Wiki Nurse visits

Our office does not bill 99211 when only doing a blood draw or urine dips. On www.trailblazerhealth.com there is a document called Documentation Requirements for CPT Code 99211. It states that amont other things, this code should not be used to bill "when drawing blood for laboratory analysis or when performing other diagnostic tests, whether or not a claim for the venipuncture or other diagnostis study test is submitted separately." The documentation for code 99211 or any other E&M code in this circumstance must demonstrate a need for clinical evaluation and management.

Zaida, CPC
Urology Practice
 
Blood Draws and Urine Tests

I charge only the codes for the blood draw 36415 and urinalysis 81002. No separate 99211 is billed with them for nursing visits.
 
Tissue expander fills using 99211

What about for tissue expander fills?? We have never billed for these in the past, but we have some patients that are coming in after thier global period. So they want us to now start billing for any fills by a nurse. Thanks
 
What about for tissue expander fills?? We have never billed for these in the past, but we have some patients that are coming in after thier global period. So they want us to now start billing for any fills by a nurse. Thanks

terridiaz,
Have you looked at 11950 - 11954?

These should work :

11950 Subcutaneous Injection of Filling Material, 1 cc or Less
11951 " " 1.1 - 5.0 cc
11952 " " 5.1 - 10.0 cc
11954 " " over 10.0 cc

Let me know!!:)
 
99211 nurse visits and UAs

Does anyone know if this information is still applicable today? I am being asked to bill for both and want to make sure I am not doing anything I shouldn't be. Thanks in advance!
 
Does anyone know if this information is still applicable today? I am being asked to bill for both and want to make sure I am not doing anything I shouldn't be. Thanks in advance!
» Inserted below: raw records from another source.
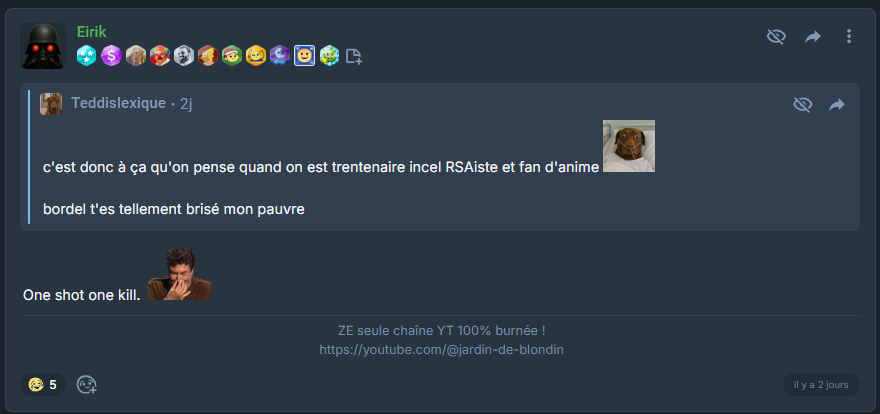 Bref vous êtes prêt a justifier tout et n'importe quoi pour bien vous faire voir de la mod et récolter badge et mansuétude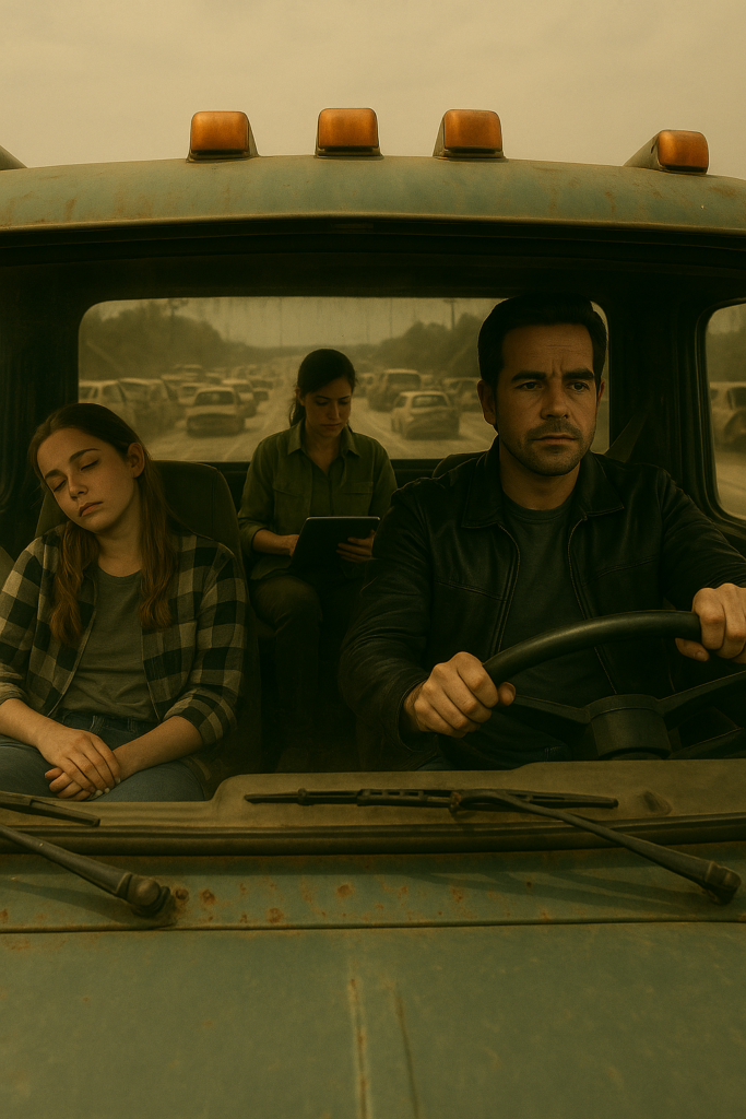 Drei Tage später ratterte ein alter Freightliner über einen Highway voller Autowracks.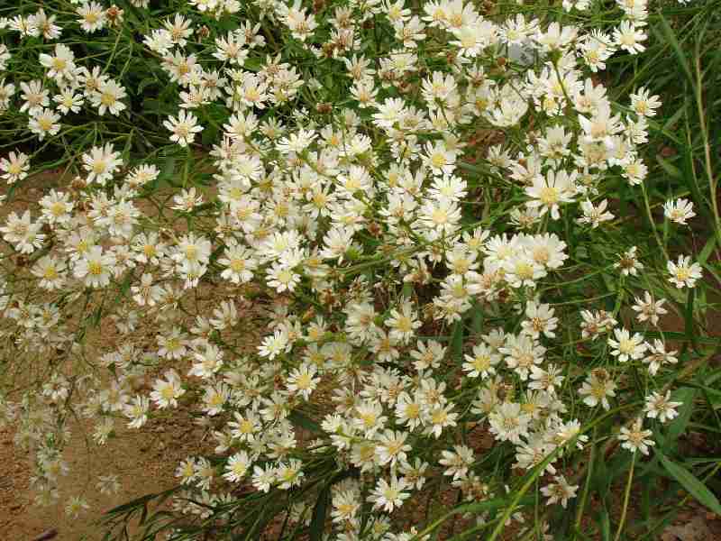 Die Aster umbellatus 'Weißer Schirm' steht dagegen straff aufrecht, die Blüten befinden sich etwa in Augenhöhe.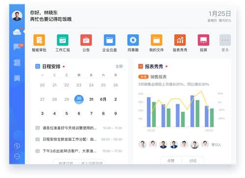 4.新的企业工作区,多个应用程序:与工作相关的应用程序帮助用户更好地管理他们的日常工作。结合企业社交平台,可以快速展示和分享工作的进展和成果,获得持续的反馈和指导。
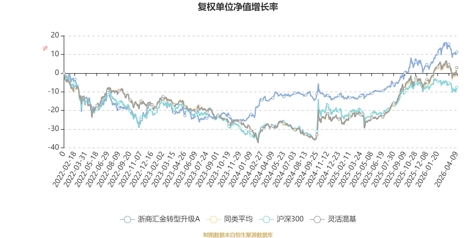 截至4月9日,浙商汇金转型升级A近三个月复权单位净值增长率为2.83%,位于同类可比基金286/1287;近半年复权单位净值增长率为2.80%,位于同类可比基金547/1286;近一年复权单位净值增长率为27.45%,位于同类可比基金710/1286;近三年复权单位净值增长率为38.78%,位于同类可比基金231/1286。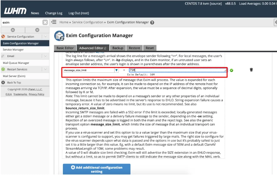 Masih di WHM, buka Exim Configuration Manager → Advanced Editor, lalu atur message_size_limit sesuai kebutuhan.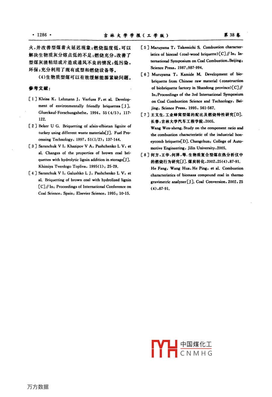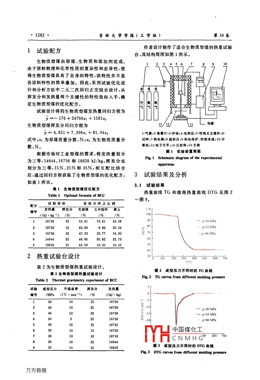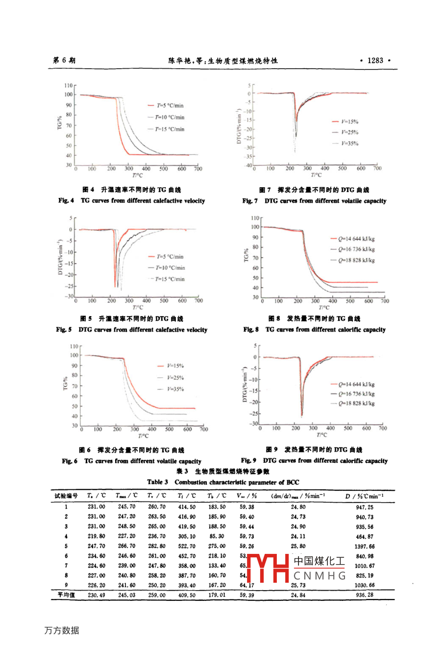 第38卷第6期吉林大學(xué)學(xué)報(bào)(工學(xué)版Vol 38 No 62008年11月Journal of Jilin University(Engineering and Technology EditionNov.2008生物質(zhì)型煤燃燒特性陳華艷2,蘇俊林1,矯振偉(1.吉林大學(xué)汽車工程學(xué)胱,長春130022;2.北京世宗智能有展責(zé)任公司,北京100029)摘要:以無煙煤、玉米秸稈和黃土為原料,研究了玉米秸稈含量為5%~35%的生物質(zhì)型煤在不同試驗(yàn)條件下的燃燒特性。通過熱重試驗(yàn)獲取了溫度與質(zhì)量間的關(guān)系,找出了各階段燃燒特征溫度和揮發(fā)分最大失重速率,計(jì)算了燃燒全過程溫度范圍,燃燼率和失重速率所占面積。通過與傳統(tǒng)型煤的試驗(yàn)結(jié)果比較,生物質(zhì)型煤燃燒特性好,揮發(fā)分初始析出溫度降低了50℃,到最后燃燒基本結(jié)東溫度降低了186℃,燃燼率提高了10%。關(guān)鍵詞:熱能工程;生物質(zhì)型煤;熱重分析;燃燒特性中圖分類號:TK16,TK6,TQ534文獻(xiàn)標(biāo)識(shí)碼:A文章編號:1671-5497(2008)03-128106Combustion characteristic of biomass compound coalCHEN Hua-yan", sU Jun-lin,JIAO Zhen-wei(l College of automotive Engineering, Jilin University, Changchun 130022, China: 2. Beijing Shizong IntelligentInstrument Co LTD, Beijing 100029, China)Abstract: The biomass compound coal (BCC) composed of anthracite coal, corn haulm and loess wastaken as the object of study. The combustion characteristic of the bcc containing 5%-35% of thecorn haulm was studied by the thermo gravimetry under different experiment conditions. Therelationships between the temperature and the sample mass were obtained and the characteristictemperatures at different combustion stages and the maximum mass loss rate of the volatile fractionwere found. The whole temperature range of the combustion process, the burn-up rate and the areaoccupied by the mass loss rate curve were calculated. Comparing with the results of the traditionalcoal briquette, the combustion characteristic of the BCC appears better, the initial separationtemperature is reduced by 50C, the final burn-up temperature is reduced by 186C, the burn-up rateis enhanced by 10%.Key words: thermal power engineering: biomass compound coal BCC); thermogravimentrycombustion characteristi目前常生物質(zhì)經(jīng)預(yù)處理,與原煤摻混技術(shù)的中在成型和燃燒設(shè)備上,對于燃燒特性和機(jī)理的研究受到各國的普遍重視1,但制造成本較高。研究卻很欠缺。作者著重討論了生物質(zhì)型煤的燃生物質(zhì)和原煤的粉末依靠高壓成型,制備的生物燒特性和機(jī)理,為生物質(zhì)型煤的實(shí)際應(yīng)用和普及質(zhì)型煤相繼出現(xiàn)5,但目前研兗的重點(diǎn)主要集提供依據(jù)。中國煤化工收稿日期:2007-03-10.基金項(xiàng)目:吉林省科技發(fā)展重大項(xiàng)目(20060403)CNMHG作者簡介:陳華艷(1981-),女,碩士研究方向:強(qiáng)化傳熱與節(jié)能技術(shù)E-mail:cheney122@163.com訊聯(lián)系人:蘇俊林(1953-),男教授研究方向:強(qiáng)化傳熱與節(jié)能技術(shù) E-mail: sujl@ jlu. edu1282·吉林大學(xué)學(xué)報(bào)(工學(xué)版)第38卷1試驗(yàn)配方作者設(shè)計(jì)制作了適合生物質(zhì)型煤的熱重試驗(yàn)臺(tái),其結(jié)構(gòu)簡圖如圖1所示。生物質(zhì)型煤由原煤、生物質(zhì)和添加劑組成由于原料物理和化學(xué)性質(zhì)的復(fù)雜性和差異性,使得生物質(zhì)型煤具有了自身的特性,該特性并不是各原料特性的簡單疊加。因此,采用試驗(yàn)優(yōu)化設(shè)計(jì)和分析方法中二元二次回歸正交組合設(shè)計(jì),從揮發(fā)分和發(fā)熱量兩個(gè)關(guān)鍵性的特性指標(biāo)入手,確定生物質(zhì)型煤的優(yōu)化配方。試驗(yàn)設(shè)計(jì)得到生物質(zhì)型煤發(fā)熱量回歸方程為y=-176+2476621+158生物質(zhì)型煤揮發(fā)分回歸方程為y=4.651+7.396z1+81.94z21氣源;2流量計(jì);3爐體;4電熱絲;5-坩堝及支撐桿;6式中:z1為原煤質(zhì)量分?jǐn)?shù),%;為生物質(zhì)質(zhì)量分試樣;7熱電倆;8溫控儀;9機(jī)電保護(hù)、控制系統(tǒng);10計(jì)算機(jī):11電子天平;12反射屏:13-支架根據(jù)市場對工業(yè)型煤的需求,將發(fā)熱量劃分圖1實(shí)驗(yàn)裝量簡圖為三等:14644、16736和18828kJ/kg,揮發(fā)分也Fig 1 Schematic diagram of the experimental劃分為三等:15%、25%和35%,相互配比結(jié)合后通過回歸方程獲取了生物質(zhì)型煤的優(yōu)化配方,3試驗(yàn)結(jié)果及分析如表1所示衰1生物質(zhì)型煤優(yōu)化配方3.1試驗(yàn)結(jié)果Table 1 Optimal formula of BCC熱重曲線TG和微商熱重曲線DTG見圖2圖9試驗(yàn)指標(biāo)各組分所占比例編號發(fā)熱量揮發(fā)分無煙煤玉米秸稈/(kJ·kg-1)/%167362555.6119.8124.58P20 MPa2167361563.906.862924P-33 MPa47.3332.7719.90p-46 MPa4146442546.6520.6232.7364.5819.0016.422熱重試驗(yàn)臺(tái)設(shè)計(jì)表2為生物質(zhì)型煤熱重試驗(yàn)設(shè)計(jì)。圖2成型壓力不同時(shí)的TG曲線褒2生物質(zhì)型煤熱量試驗(yàn)設(shè)計(jì)Fig 2 TG curves from different molding pressureTable 2 Thermal gravimetry experiment of BCC試驗(yàn)成型壓力升溫速率揮發(fā)分發(fā)熱量編號/MPa/(℃·mn-1)/%/kJ·kg)16736167362345678908600000016736-46 MPa16736中國煤化工16736CNMH14644圖3成型壓力不同時(shí)的DTG曲線Fig. 3 DTG curves from different molding pressure第6期陳華艷,等:生物質(zhì)型煤燃燒特性·12831101007=5°cminT=l0°min=15%T-15Cmin=25%T°C圖4升溫速率不同時(shí)的TG曲線圖7捍發(fā)分含量不同時(shí)的DG曲線Fig. 4 TG curves from different calefac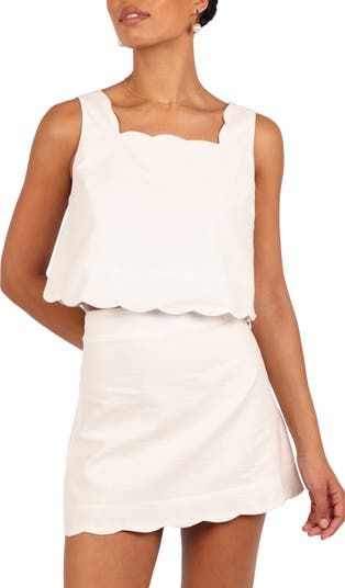 Sweet scalloped edges perfect the look of this boxy tank top that is made from a breezy blend of cotton and linen.
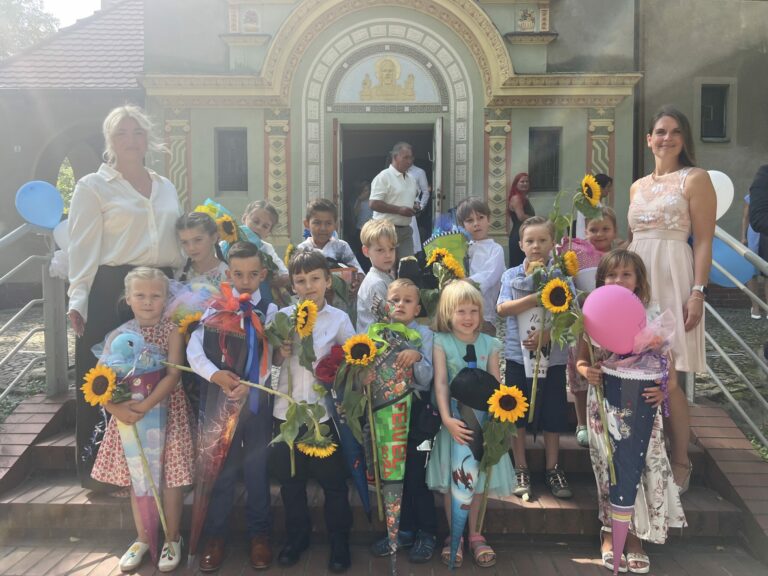Die aufgeregten und stolzen Kinder betraten mit leuchtenden Augen und unter dem eindrucksvollen Klang der Orgel die feierlich dekorierte Friedenskirche Wildau in unserer direkten Nachbarschaft. Nachdem sie ihren Platz in der ersten Reihe eingenommen hatten, wurden die Erstklässlerinnen und Erstklässler  mit einfühlsamen Worten von Anna-Maria von Platen und Heike Schersching begrüßt. Die Schülerinnen und Schüler der Klasse 2 präsentierten ihr liebevoll einstudiertes Einschulungsprogramm, welches den Erstklässlerinnen und Erstklässlern sowie den Gästen sehr gefiel.

Yes it is still valid. You do not have the criteria met to bill a visit level in addition to the other activity. A physician must order the the UA or blood draw from a previous encounter ( even if it was a phone encounter). Therefore you do not have a separately identifiable visit to be billed, you have the services provided to billed. To bill a 99211 as a non physician face to face encounter, you are billing for a service that has no individual CPT code such as blood pressure check. Also the physician you are billing under must be present in the office at the time of the service.